The removal of about 2300 members of the Bedouin Jahalin tribe, two-thirds of whom are children, is due to begin next month. The Israeli authorities plan to relocate the families from the West Bank to a site close to a municipal rubbish dump on the edge of Jerusalem.
The Bedouin say the move would expose them to health hazards, deny them access to land and endanger their traditional lifestyle. They say the viability of their communities has been seriously eroded by the growth of Jewish settlements, the creation of military zones, demolitions of homes and animal pens and the building of a highway which cuts through their camps.
''Because of the [military] closures and the settlements, we are living in a jail which gets smaller every year,'' said Eid Hamis Swelem Jahalin, 46, who was born in the encampment of Khan al-Ahmar and has lived there almost all of his life.
The relocation plan is the first phase of a longer-term program to remove about 27,000 Bedouin Arabs from ''Area C'', the 62 per cent of the West Bank under Israeli military control. The communities have not been formally notified of the plan, which was disclosed by Israel's civil administration, the military body governing Area C, to a United Nations agency.

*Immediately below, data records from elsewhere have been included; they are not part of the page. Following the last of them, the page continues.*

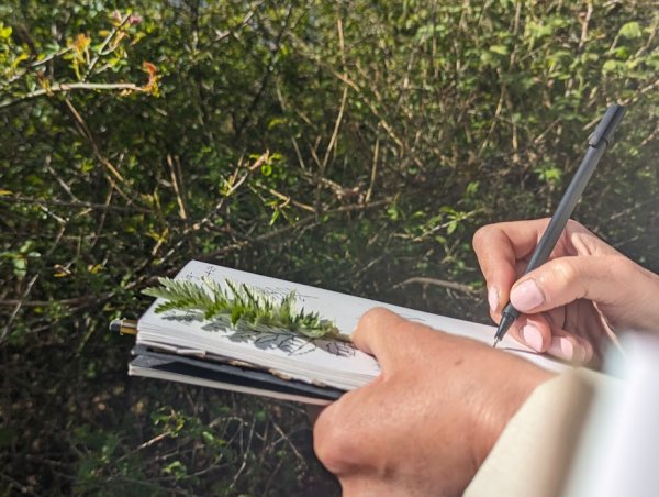 In the two hours, we will be walking in Wardens' Wood with sit stops to draw what we see, smell, hear… Our aim is not to create a masterpiece but to enhance our connection to nature through the medium of drawing.
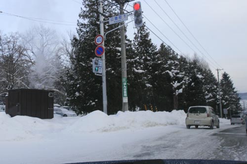 午後3時前、北4条通り、東13丁目の野付牛通り交差点手前
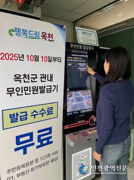 [인천광역신문] 관리자 기자 | 옥천군은 군민들의 민원 편의를 높이기 위해 무인민원발급기에서 발급하는 제증명 수수료를 전면 무료로 전환했다.

The area on which the Jahalin live has been designated by Israel for the expansion of Ma'ale Adumim. Many Palestinians see this as part of a strategic plan to close a ring of Jewish settlements that would cut East Jerusalem off from the West Bank. By stretching down to the Jordan Valley, an expanded Ma'ale Adumim would also bisect the West Bank, making a contiguous Palestinian state impossible.
''They want to empty the Bedouin from the whole area and they will put settlers in our place and there will be no Palestinian state,'' Mr Hamis said.
The Jahalin were originally from the Negev desert, from which they fled or were forced following the creation of the state of Israel in 1948. Now the extended tribe is scattered across the West Bank.